За свою жизнь я выслушал множество рассказов и исповедей фронтовиков. Не только Ванька-взводный или батарейный имел краткость жизни, достойной книги Гиннеса. Однажды В. И. Ежов, классик нашего кино, автор сценария «Баллады о солдате», соавтор «Белого солнца пустыни», когда мы на даче под рюмку толковали о житье-бытье, вдруг сказал:

– Я не напишу уже того, что сейчас расскажу. А ты напишешь, – сделал вступление Валентин Иванович и рассказал, как он во время войны встретился в гостинице «Москва» с группой летчиков, которые получили в Кремле звезды Героев. Валентина Ивановича вызвали для перевода из строевой части в редакцию фронтовой газеты. Летчики пригласили и его обмывать награды. Спустя несколько дней всё пропили, и тогда они решили продать золотые звезды Героев Советского Союза.
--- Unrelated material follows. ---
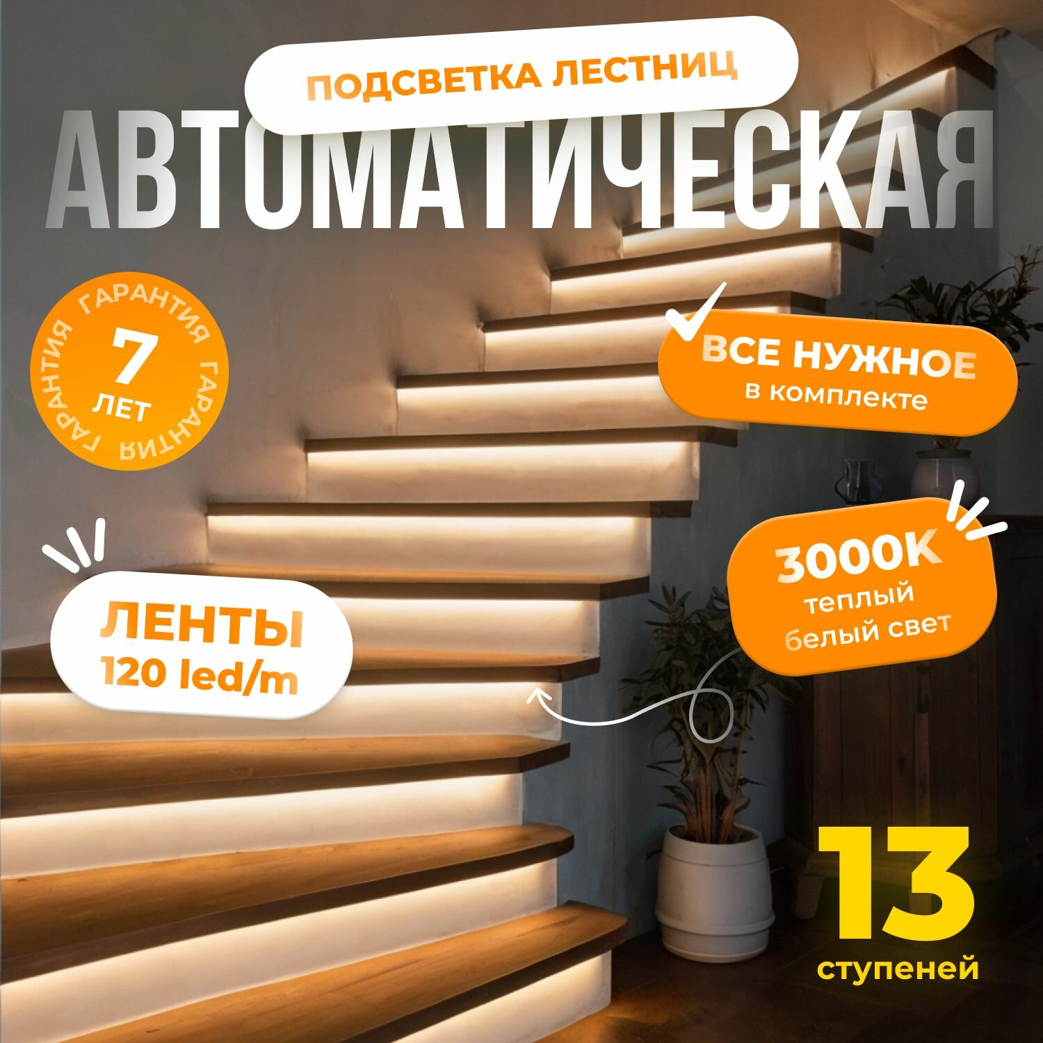 Автоматическая подсветка лестницы с датчиками движения теплый свет 3000К 14 ступеней Soft Lights

Ежов возмутился, хотел отговорить, но летуны его успокоили: «Валя, а ты знаешь, что наш брат в среднем летает всего около месяца? Кто выживет – муляжом звезды обойдется». И звезды пропили.
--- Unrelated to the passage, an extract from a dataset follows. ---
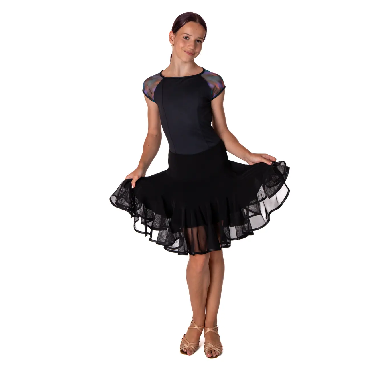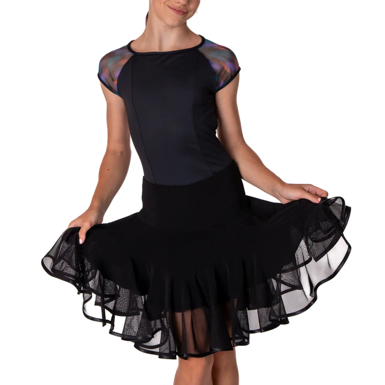 Er dreht sich wunderschön und sieht sehr elegant aus. Jede Hüftbewegung lässt ihn mitschwingen. In der Taille ist ein flacher Gummibund eingenäht. Material: 100 % Polyester. Höschen sind inklusive. In kaltem Wasser mit einem milden Waschmittel waschen und frei an der Luft trocknen lassen.

Сама война кровожадна. Но кровожадность приумножалась бесчеловечным характером нашего образа жизни. Еще во время финской войны наши противники изумлялись, прежде всего, наплевательскому отношению наших командиров к жизни своих же солдат. И это в стране, где решили построить рай на земле?!

Пункты формирования новых частей нередко превращались в лагеря смерти. Как-то под Йошкар-Олой секретари обкома комсомола показывали мне место, где находился пункт формирования, и рассказали, что в нем от голода погибли тысячи красноармейцев. Мизерная тыловая норма питания стимулировала желание как можно скорее попасть в сформированную часть и перейти на фронтовую норму. Но и мизерную начальство воровало, обрекая красноармейцев на вымирание. Охрана пунктов, начальство состояло из НКВД, имело богатейший опыт обращения с репрессированными. Какими-то путями сведения об этом дошли до Кремля. Приехал Ворошилов с комиссией и расстрелял всё руководство пункта.
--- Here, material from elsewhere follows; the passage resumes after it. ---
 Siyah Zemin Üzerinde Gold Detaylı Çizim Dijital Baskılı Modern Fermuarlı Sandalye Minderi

До Пензы Ворошилов со своей комиссией не доехал. Несколько курсантов артучилища, в том числе мой брат, роясь на помойках, заразились дизентерией и умерли. Что же пережила моя бедная мать, узнав, что ее самый любимый, самый добрый и ласковый сын умер с голоду! Не в бою с врагами, а по вине командиров-мародеров.

Много лет спустя в одном приятельском доме я встретился с военным прокурором Пензы времен войны. В ответ на мой вопрос он задумался, а потом, как бы припоминая нечто подобное, сказал, что в артиллерийском училище совершили диверсию – отравили продукты. Я с трудом удержался, чтобы не рассмеяться ему в лицо. На происки врага списали воры-командиры смерть моего юного брата и его товарищей. С тех пор я возненавидел ворье всех мастей и рангов – но сколько же их прошло перед глазами моего поколения! И нынешнее, для которого я придумал неологизм – баблоины…

Задумывались ли вы над тем странным фактом, что во Второй мировой войне немцев на всех фронтах погибло около 9 миллионов человек, а наших – в три раза больше? И что из потерь всего человечества, а это около пятидесяти миллионов, более половины – советские люди?

Допустим, фашисты уничтожили 10 миллионов советских военнопленных и мирных граждан. Но и тогда война унесла бы в два, три раза больше наших солдат и офицеров, чем немецких! Наши солдаты не хуже немецких, которых погибло в боях на восточном фронте около 6 миллионов человек. Все миллионы погибших наших бойцов сверх немецких потерь – на совести бездарного, лживого и вороватого военного и партийного руководства, призывавшего закрывать грудью немецкие пулеметы, чтобы те захлебывались в нашей крови.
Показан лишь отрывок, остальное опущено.